__Exercise description__
Pictures stay out of the output. Return exactly the lines below from the one with "卒業アルバムの個人者写真撮影" down to the one with "Classification of groundwater", both included, and nothing more.

Content starts

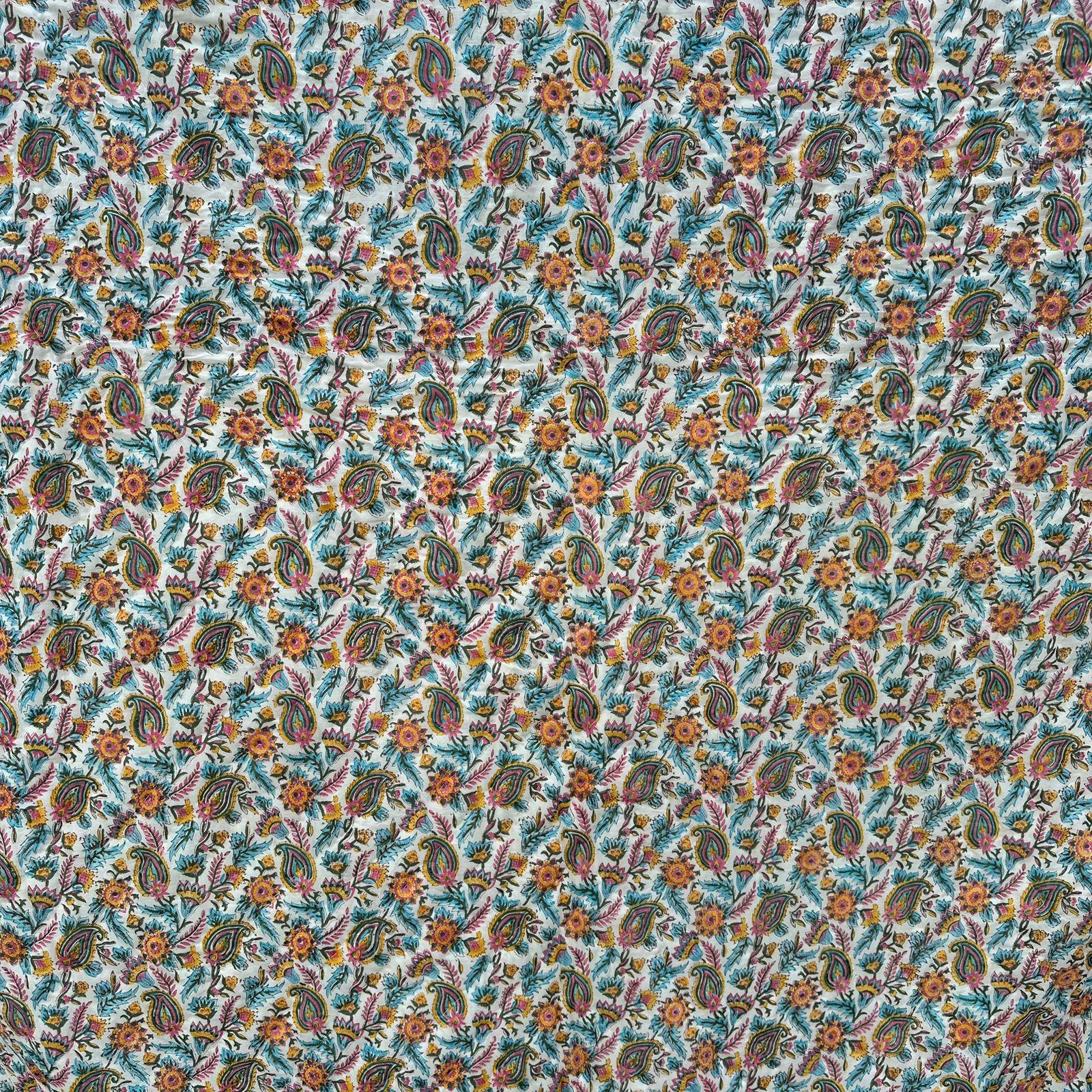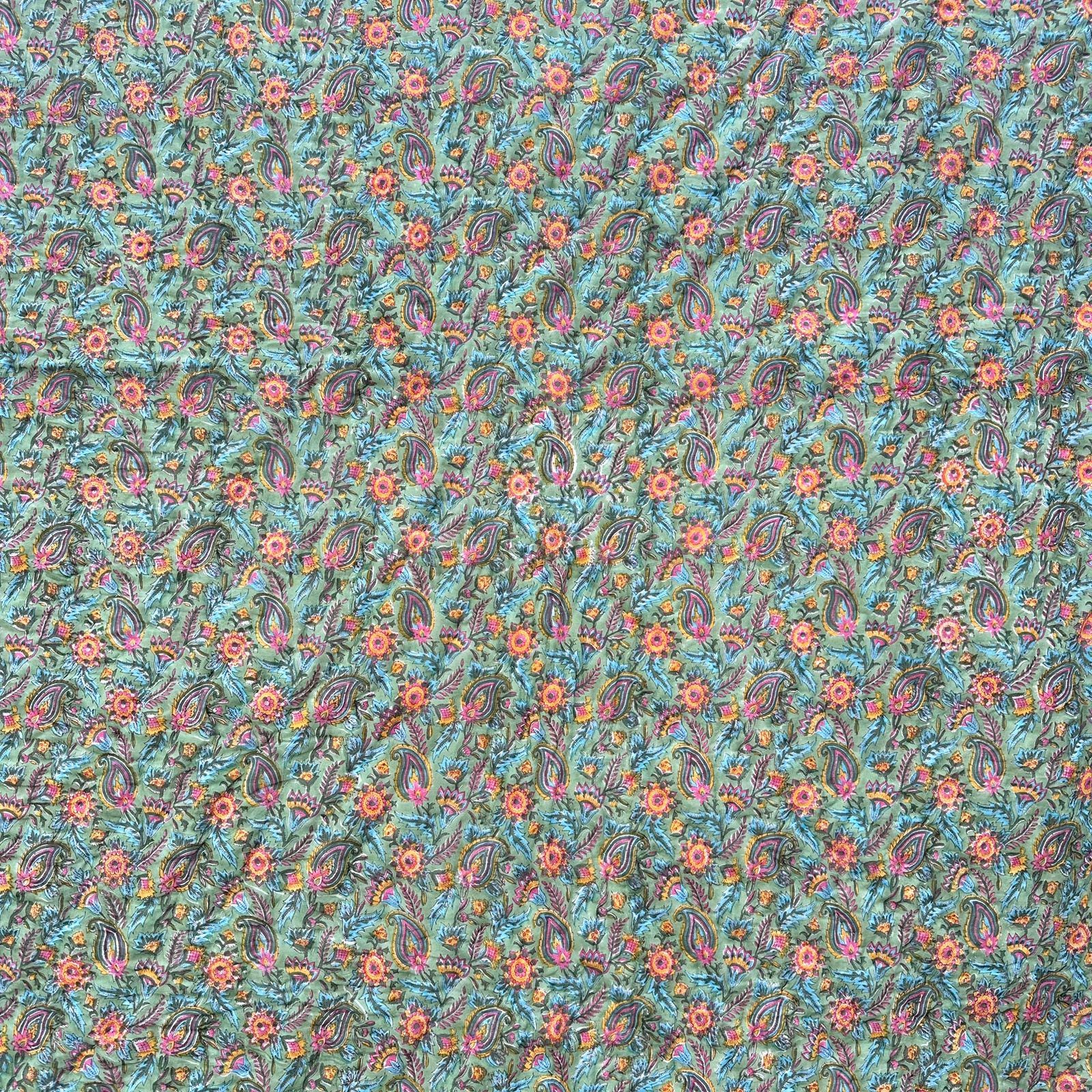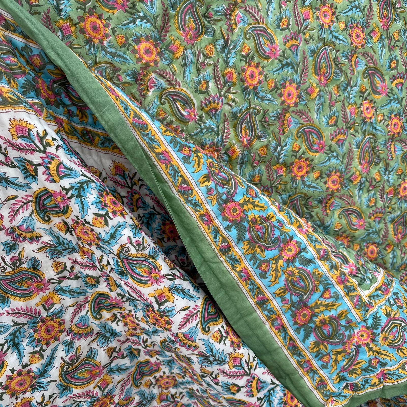 Indian Hand Block Printed Quilt | Multicolor Floral Paisley Pattern | Reversible Cotton Blanket |
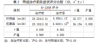 2.2两组治疗前后症状评分比较治疗前,两组R-INVR评分比较,差异无统计学意义(P>0.05);治疗后,两组R-INVR评分均低于治疗前,且观察组低于对照组,差异有统计学意义(P<0.05)。见表2。
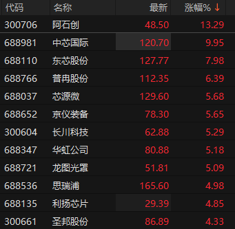 上证报中国证券网讯 9月17日早盘,半导体板块震荡走高,截至9时52分,阿石创涨逾13%,中芯国际涨近10%,股价刷新历史新高,东芯股份涨近8%,芯源微等跟涨。
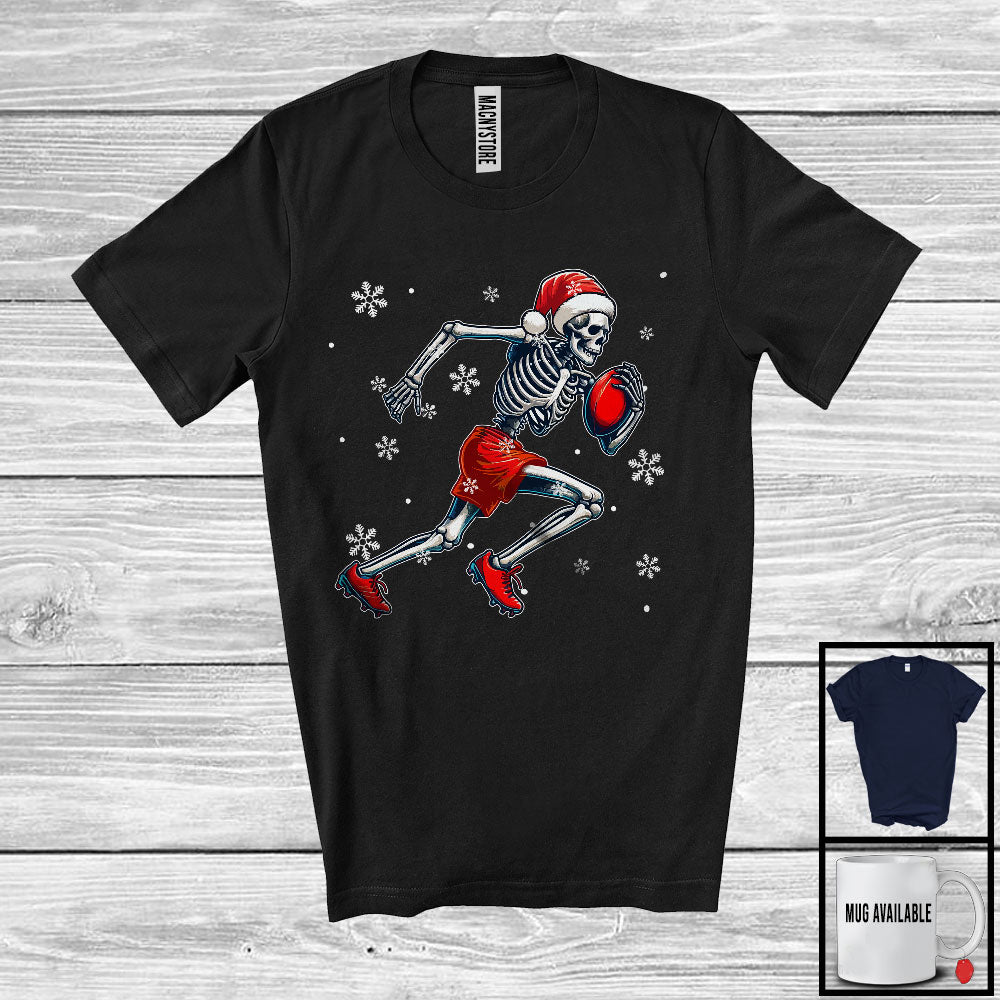 Santa Skeleton Playing Football, Awesome Christmas Snow Football Player Lover, Sport Team T-Shirt
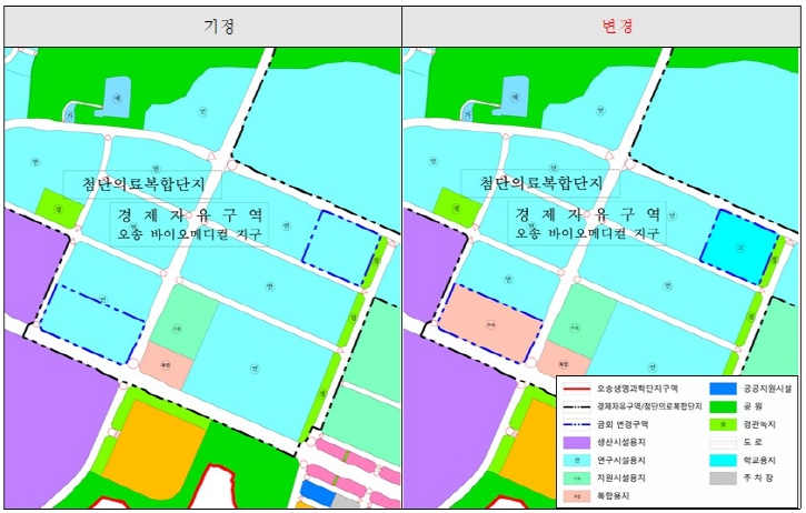 [무한뉴스=정민정 기자] 충북도는 11월 17일 오송첨단의료복합단지의 토지이용계획을 변경하는 개발실시계획이 승인됐다고 밝혔다. 이를 통해 오송읍 연제리 682-2, 682-3은 연구시설용지에서 복합용지로, 연제리 657은 연구시설용지에서 학교시설용지로 변경된다.
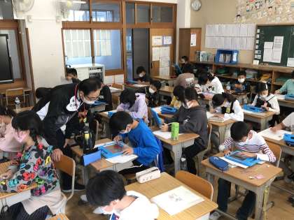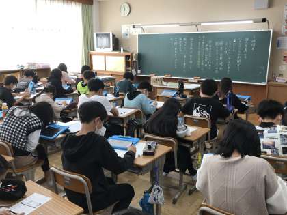 卒業アルバムの個人者写真撮影とともに昨日の校外学習のまとめに取り組んでいました。
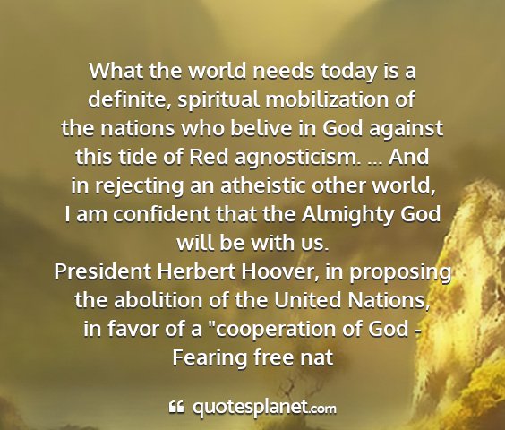What the world needs today is a definite, spiritual mobilization of the nations who belive in God against this tide of Red agnosticism. ... And in rejecting an atheistic other world, I am confident that the Almighty God will be with us.President Herbert Hoover, in proposing the abolition of the United Nations, in favor of a "cooperation of God - Fearing free nat
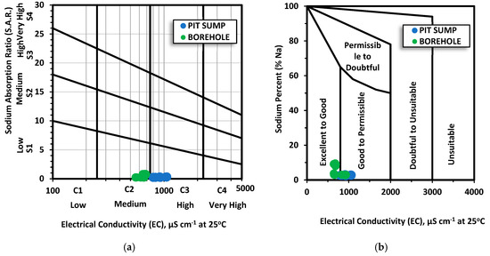Classification of groundwater and the mine’s internal sump water for irrigation purposes: (a) diagram of sodium hazard (sodium adsorption ration) and salinity hazard (electrical conductivity) [59,60]; (b) suitability of water for irrigation use, according to Wilcox diagram [61].
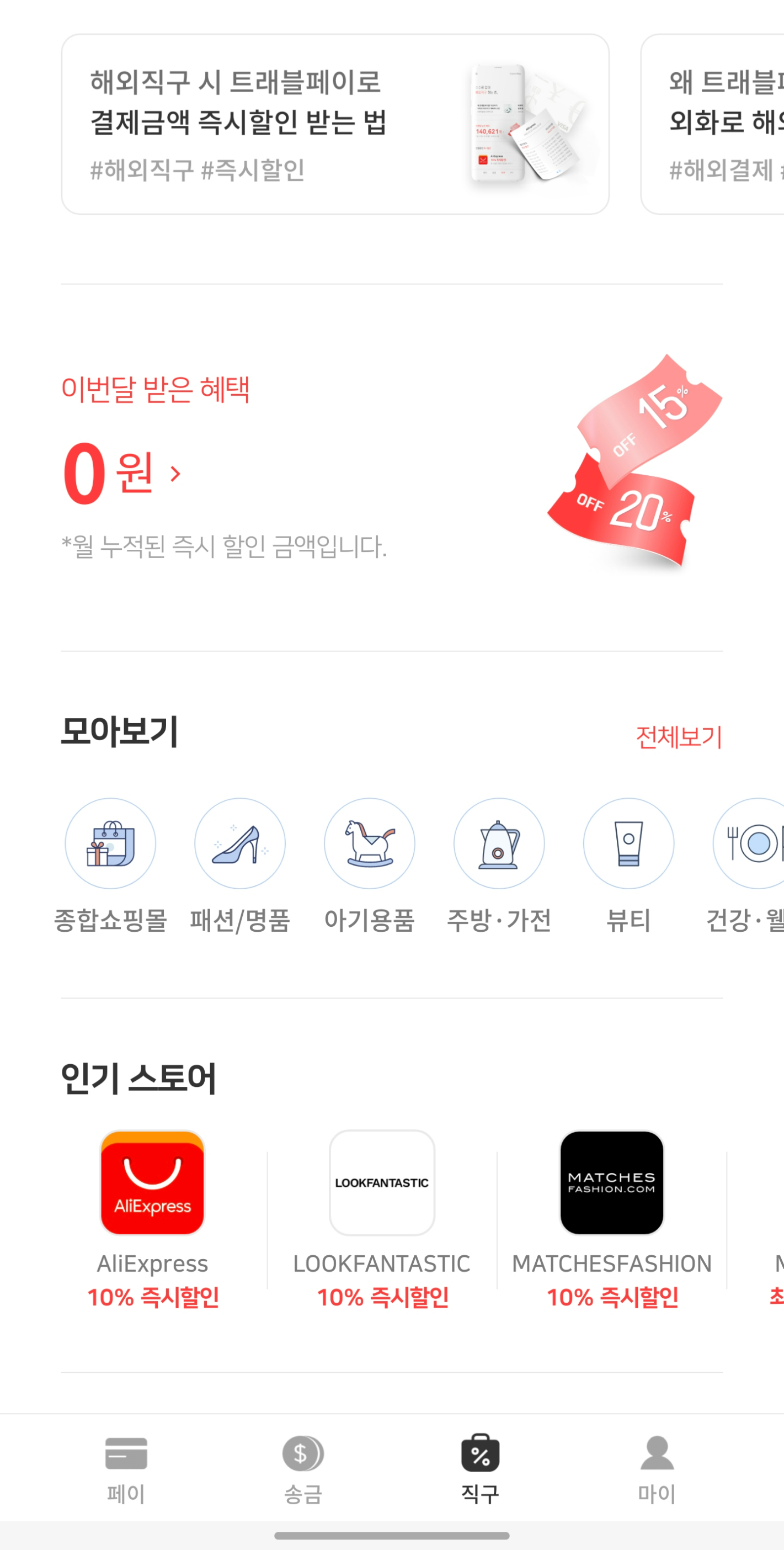자세한 사항은 트래블월렛 앱 <직구 탭 <전체보기를 이용하여 확인이 가능하오나 간단한 사항을 설명하자면 트래블페이 카드를 사용 시 알리익스프레스나 아마존, 아이허브 등의 유명하고 잘 알려진 해외직구 사이트들에는 결제 시 즉시 자동으로 10% 할인이 적용됩니다.

Content ends

__Problem solution__
 卒業アルバムの個人者写真撮影とともに昨日の校外学習のまとめに取り組んでいました。
What the world needs today is a definite, spiritual mobilization of the nations who belive in God against this tide of Red agnosticism. ... And in rejecting an atheistic other world, I am confident that the Almighty God will be with us.President Herbert Hoover, in proposing the abolition of the United Nations, in favor of a "cooperation of God - Fearing free nat
Classification of groundwater and the mine’s internal sump water for irrigation purposes: (a) diagram of sodium hazard (sodium adsorption ration) and salinity hazard (electrical conductivity) [59,60]; (b) suitability of water for irrigation use, according to Wilcox diagram [61].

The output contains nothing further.